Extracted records
_ _ _ _

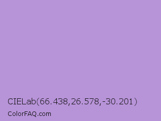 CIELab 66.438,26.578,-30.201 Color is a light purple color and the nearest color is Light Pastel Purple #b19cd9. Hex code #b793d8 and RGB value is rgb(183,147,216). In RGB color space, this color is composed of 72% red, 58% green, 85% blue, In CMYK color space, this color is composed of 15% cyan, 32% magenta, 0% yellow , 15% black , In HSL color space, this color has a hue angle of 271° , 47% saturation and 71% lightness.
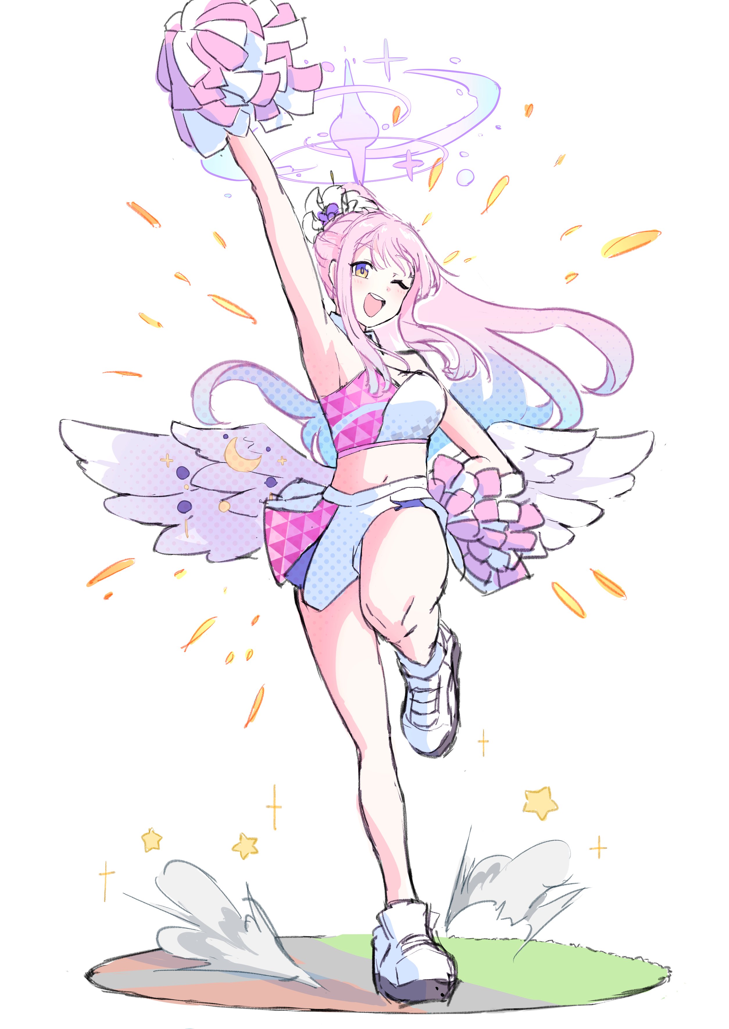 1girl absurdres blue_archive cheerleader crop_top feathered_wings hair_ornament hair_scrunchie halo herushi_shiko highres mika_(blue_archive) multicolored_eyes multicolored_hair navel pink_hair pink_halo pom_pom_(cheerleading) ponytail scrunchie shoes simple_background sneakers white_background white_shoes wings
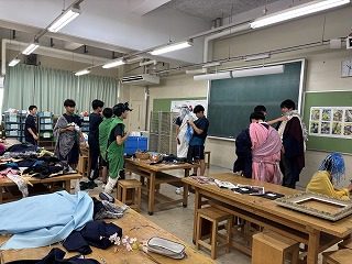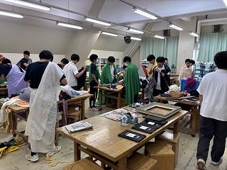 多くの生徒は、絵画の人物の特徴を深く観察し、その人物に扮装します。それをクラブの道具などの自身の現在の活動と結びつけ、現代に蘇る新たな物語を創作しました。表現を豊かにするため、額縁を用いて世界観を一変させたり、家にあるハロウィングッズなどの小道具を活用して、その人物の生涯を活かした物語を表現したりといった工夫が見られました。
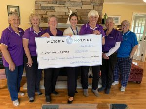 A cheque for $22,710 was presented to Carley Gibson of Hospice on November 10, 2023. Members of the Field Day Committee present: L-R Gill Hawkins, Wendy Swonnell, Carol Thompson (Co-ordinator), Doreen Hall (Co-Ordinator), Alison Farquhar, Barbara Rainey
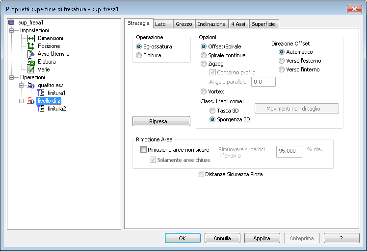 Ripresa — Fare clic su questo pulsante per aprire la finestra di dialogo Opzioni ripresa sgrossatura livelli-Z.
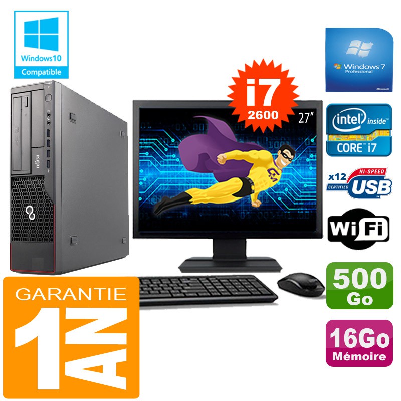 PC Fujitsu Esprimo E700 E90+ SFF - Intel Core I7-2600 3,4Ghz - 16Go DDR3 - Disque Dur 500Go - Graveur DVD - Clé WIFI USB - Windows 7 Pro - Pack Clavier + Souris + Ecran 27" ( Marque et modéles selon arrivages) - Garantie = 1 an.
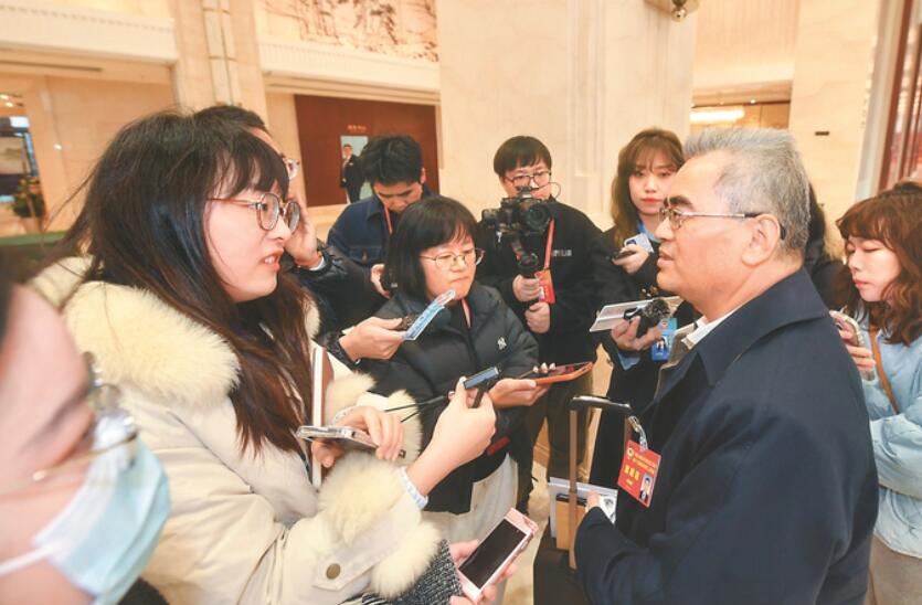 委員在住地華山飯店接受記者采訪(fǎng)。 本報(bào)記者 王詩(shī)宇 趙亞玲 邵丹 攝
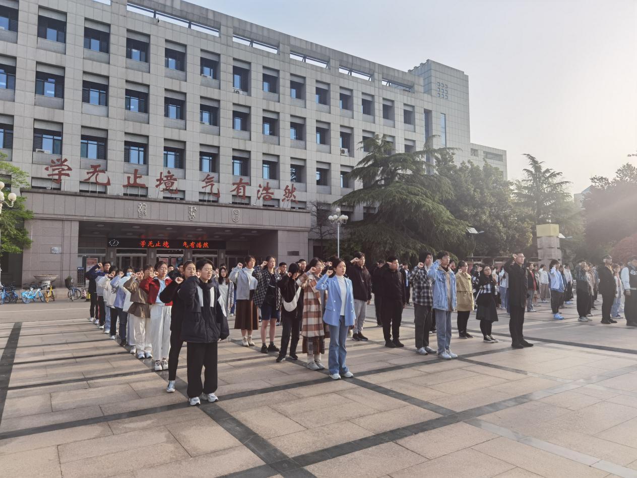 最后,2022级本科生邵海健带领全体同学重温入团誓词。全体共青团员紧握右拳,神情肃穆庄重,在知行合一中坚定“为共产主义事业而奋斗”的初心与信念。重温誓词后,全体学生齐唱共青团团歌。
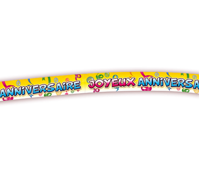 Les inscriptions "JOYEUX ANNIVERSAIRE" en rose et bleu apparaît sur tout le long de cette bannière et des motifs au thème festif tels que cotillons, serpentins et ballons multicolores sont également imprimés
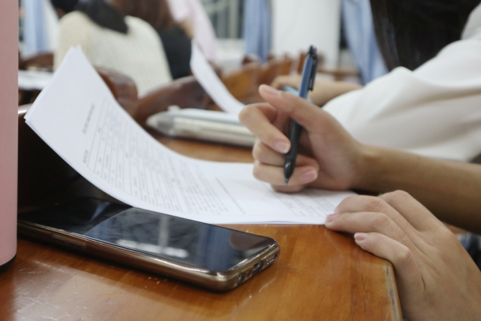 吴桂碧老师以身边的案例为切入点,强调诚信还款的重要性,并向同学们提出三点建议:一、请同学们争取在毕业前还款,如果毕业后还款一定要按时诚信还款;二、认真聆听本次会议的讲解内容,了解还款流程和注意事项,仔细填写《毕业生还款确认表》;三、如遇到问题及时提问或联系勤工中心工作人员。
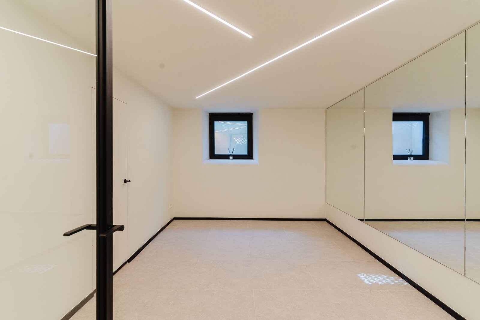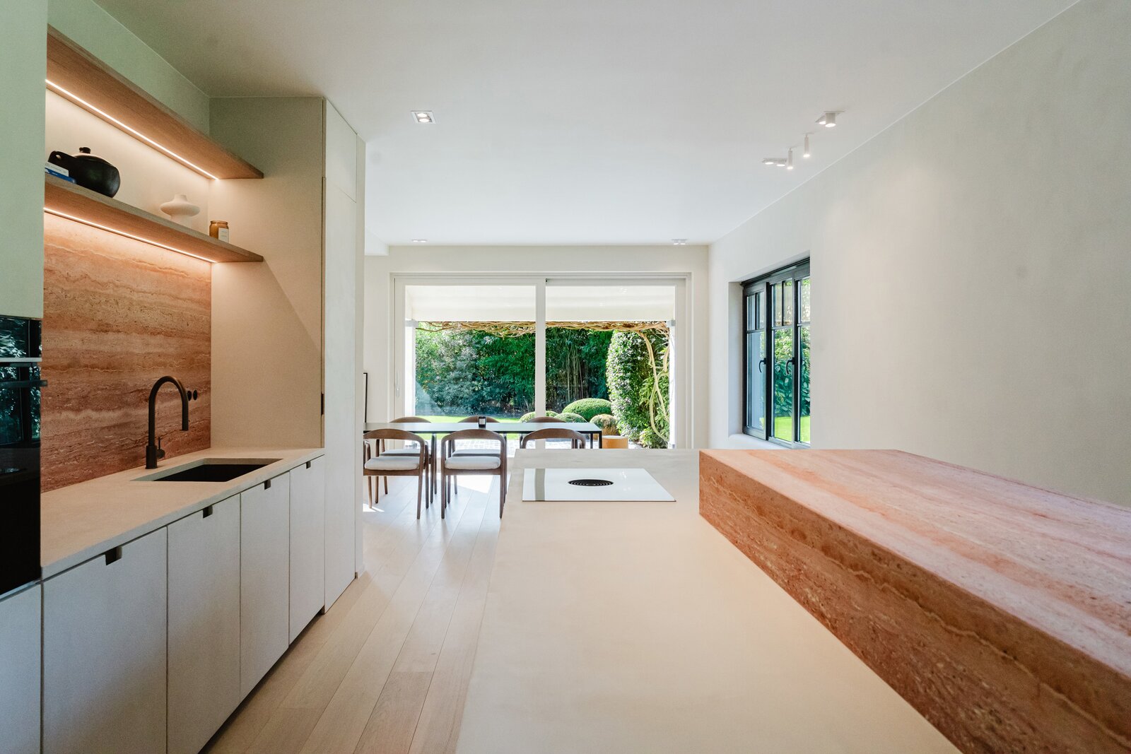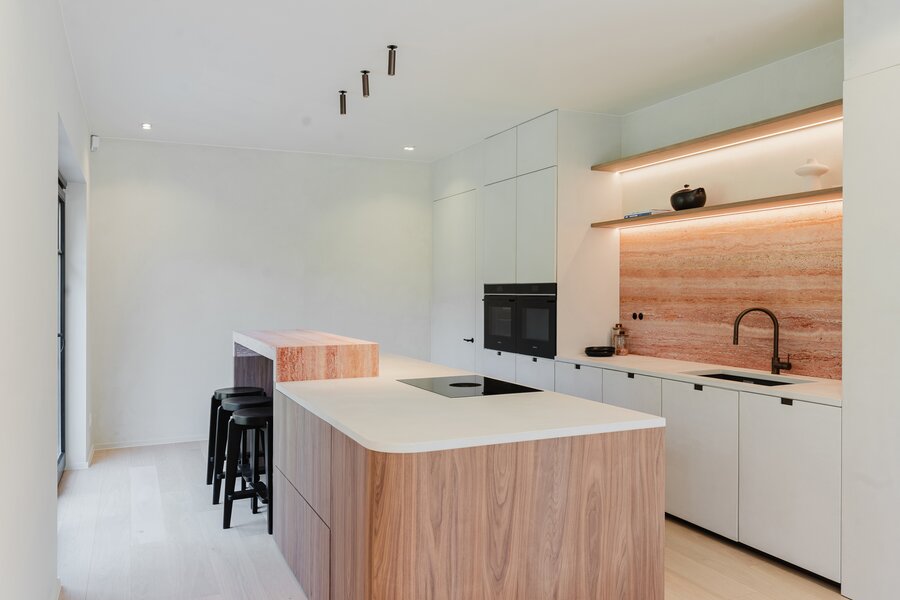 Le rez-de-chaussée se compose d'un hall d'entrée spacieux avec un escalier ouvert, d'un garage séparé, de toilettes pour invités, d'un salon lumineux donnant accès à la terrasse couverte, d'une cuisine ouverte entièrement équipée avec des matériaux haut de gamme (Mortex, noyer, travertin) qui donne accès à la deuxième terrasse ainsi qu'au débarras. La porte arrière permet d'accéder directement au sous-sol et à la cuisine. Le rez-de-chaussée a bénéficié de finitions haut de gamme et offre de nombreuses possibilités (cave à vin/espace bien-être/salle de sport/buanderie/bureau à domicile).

_ _ _ _

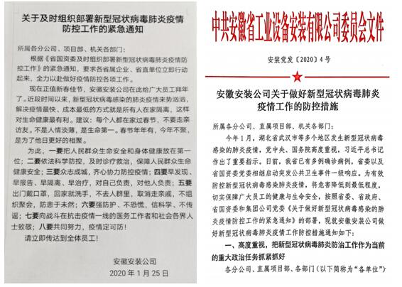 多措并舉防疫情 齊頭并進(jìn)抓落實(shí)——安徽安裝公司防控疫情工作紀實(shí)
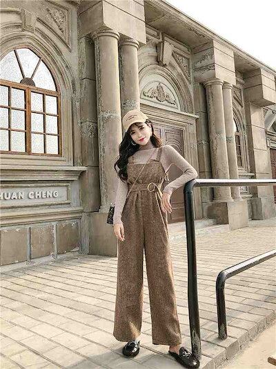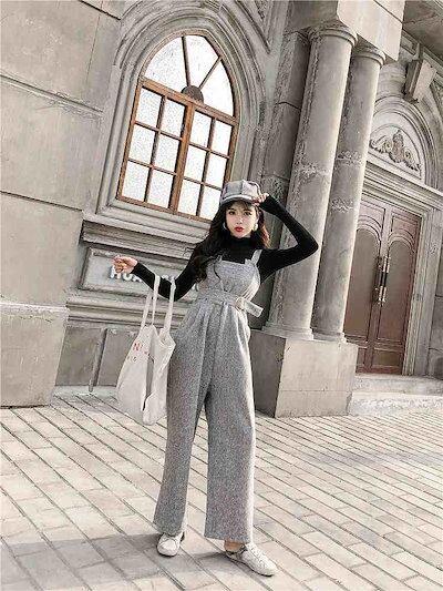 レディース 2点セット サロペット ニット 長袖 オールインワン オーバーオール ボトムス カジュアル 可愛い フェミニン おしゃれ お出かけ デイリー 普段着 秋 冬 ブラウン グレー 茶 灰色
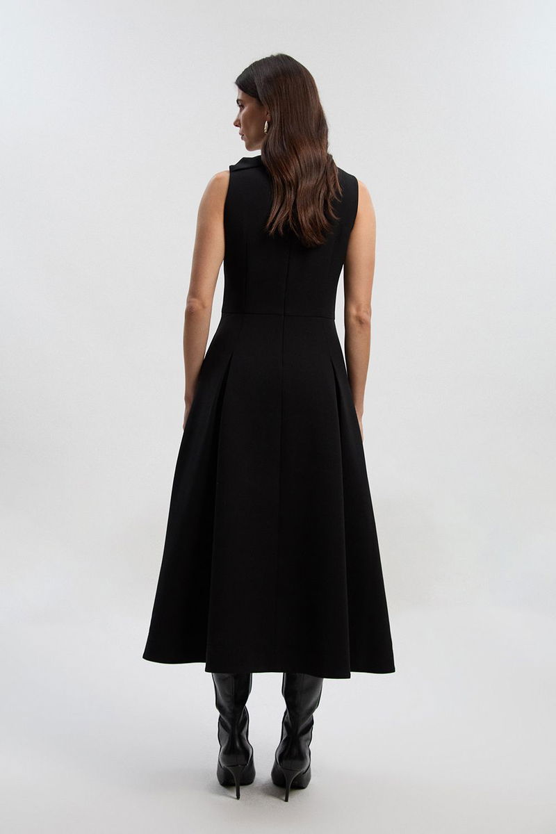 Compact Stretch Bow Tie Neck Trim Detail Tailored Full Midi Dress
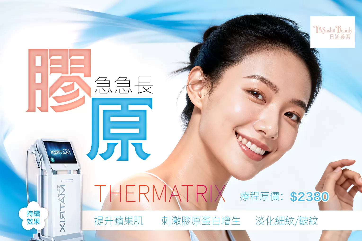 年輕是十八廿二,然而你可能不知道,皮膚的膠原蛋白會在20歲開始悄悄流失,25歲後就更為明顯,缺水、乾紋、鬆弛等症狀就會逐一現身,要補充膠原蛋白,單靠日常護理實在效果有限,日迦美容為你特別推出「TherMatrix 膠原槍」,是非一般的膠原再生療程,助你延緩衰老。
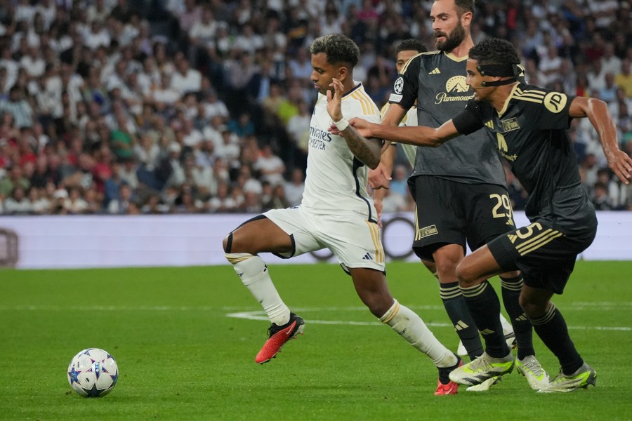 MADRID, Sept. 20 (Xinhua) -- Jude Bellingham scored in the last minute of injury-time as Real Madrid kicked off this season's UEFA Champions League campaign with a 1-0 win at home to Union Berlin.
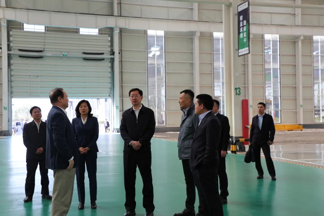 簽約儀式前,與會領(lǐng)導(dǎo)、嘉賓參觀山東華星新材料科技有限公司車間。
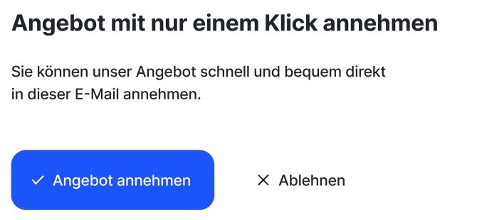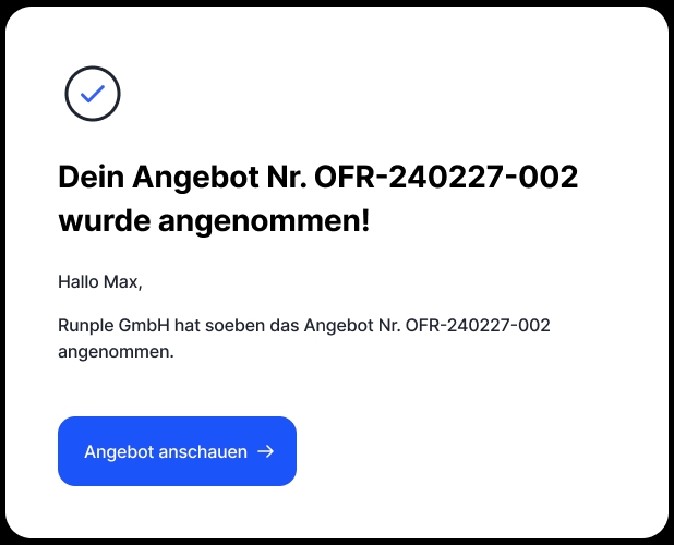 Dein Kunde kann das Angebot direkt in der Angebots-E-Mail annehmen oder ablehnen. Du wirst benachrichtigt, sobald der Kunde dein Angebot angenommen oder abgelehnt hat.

_ _ _ _

Would you please reproduce the entries above, starting at the line with "レディース 2点セット サロペット" and stopping after the line with "Dein Kunde kann"? Omit any pictures.

Answer area:
 レディース 2点セット サロペット ニット 長袖 オールインワン オーバーオール ボトムス カジュアル 可愛い フェミニン おしゃれ お出かけ デイリー 普段着 秋 冬 ブラウン グレー 茶 灰色
 Compact Stretch Bow Tie Neck Trim Detail Tailored Full Midi Dress
 年輕是十八廿二,然而你可能不知道,皮膚的膠原蛋白會在20歲開始悄悄流失,25歲後就更為明顯,缺水、乾紋、鬆弛等症狀就會逐一現身,要補充膠原蛋白,單靠日常護理實在效果有限,日迦美容為你特別推出「TherMatrix 膠原槍」,是非一般的膠原再生療程,助你延緩衰老。
 MADRID, Sept. 20 (Xinhua) -- Jude Bellingham scored in the last minute of injury-time as Real Madrid kicked off this season's UEFA Champions League campaign with a 1-0 win at home to Union Berlin.
 簽約儀式前,與會領(lǐng)導(dǎo)、嘉賓參觀山東華星新材料科技有限公司車間。
 Dein Kunde kann das Angebot direkt in der Angebots-E-Mail annehmen oder ablehnen. Du wirst benachrichtigt, sobald der Kunde dein Angebot angenommen oder abgelehnt hat.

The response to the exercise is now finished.